Dosing regimens for clone 3.3 (an anti-mouse CD96 monoclonal antibody) vary depending on the mouse model used, experimental goals, and desired immunological outcomes. The specific dose, frequency, and route of administration may be adjusted for differences in mouse strain, disease model, or the intended effect such as cell depletion versus immunomodulation.

• Dose per Mouse: Reported doses of clone 3.3 often range in the literature from about 200 μg to as high as 500 μg per mouse, depending on the degree of immune intervention required and mouse strain sensitivity.
• Frequency and Duration: Typical regimens involve administration every 2–3 days (for acute interventions) or weekly for longer-term immunomodulation. The number of doses can further vary with the experimental timeline (for example, repeated for 2–4 weeks in chronic studies).
• Route of Administration: Clone 3.3 is generally delivered via intraperitoneal (IP) injection for systemic effects, but may also use intravenous (IV) or local routes for specific tissue targeting if required by the experimental design. Variations in absorption and biodistribution can affect efficacy.

Key factors influencing dosing across mouse models:

• Mouse strain: Sensitivity, immunological baseline, and metabolism can affect the optimal dose. For instance, C57BL/6 versus BALB/c mice may require dosing adjustment based on genetic background or tumor model.
• Disease model: Tumor-bearing mice might receive more frequent dosing compared to infectious disease or autoimmunity models.
• Goal of treatment: Cell depletion protocols (e.g., for depleting NK or T cells) may use higher or more frequent doses than protocols aimed at blocking a receptor.

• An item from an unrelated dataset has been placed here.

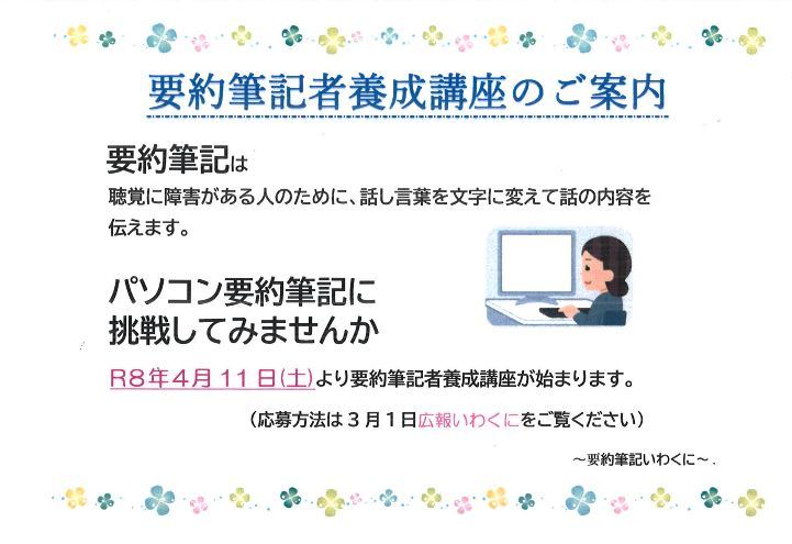 対象 市内に在住または勤務する18歳以上の人で、講座終了後に「全国統一要約筆記者認定試験」を受けることができる人

Summary Table: Typical Dosing Regimen Properties for Clone 3.3

• Dosing can deviate from these standards based on specific experiment needs, pilot studies, or published protocols for similar clones (see anti-mouse CD96 and other immune cell depleting antibodies).
• Always adjust regimens based on published guidance, preliminary titrations, and the specifics of the disease/tissue model.

Exact clone 3.3 regimens should be validated for each new experimental setting, taking into account mouse genetics, disease burden, and desired immune impact. For additional details, refer to peer-reviewed antibody dosing guides and product-specific recommendations.